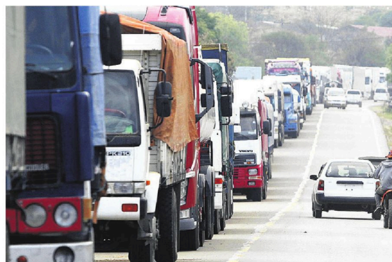
El bloqueo en Mairana perjudica al transporte de alimentos

Poco antes, el mandatario exigió "el levantamiento inmediato de todos los puntos de bloqueo para el restablecimiento de la normalidad en nuestro país" y aseguró en su mensaje que "no puede haber ningún diálogo sin levantar los bloqueos y las medidas de presión que
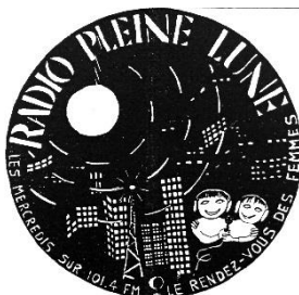
Autocollant Radio Pleine Lune , Radio pirate active de ca. 1981 à 1984, Fonds MLF Genève, MLF-GE/S4/SS13

WORK TO BE COMPLETED →
Every line from the one holding "Poco antes, el" to the last line of the listing above, inclusive, must appear exactly as written, and no picture may appear.

RESPONSE AREA →
Poco antes, el mandatario exigió "el levantamiento inmediato de todos los puntos de bloqueo para el restablecimiento de la normalidad en nuestro país" y aseguró en su mensaje que "no puede haber ningún diálogo sin levantar los bloqueos y las medidas de presión que
Autocollant Radio Pleine Lune , Radio pirate active de ca. 1981 à 1984, Fonds MLF Genève, MLF-GE/S4/SS13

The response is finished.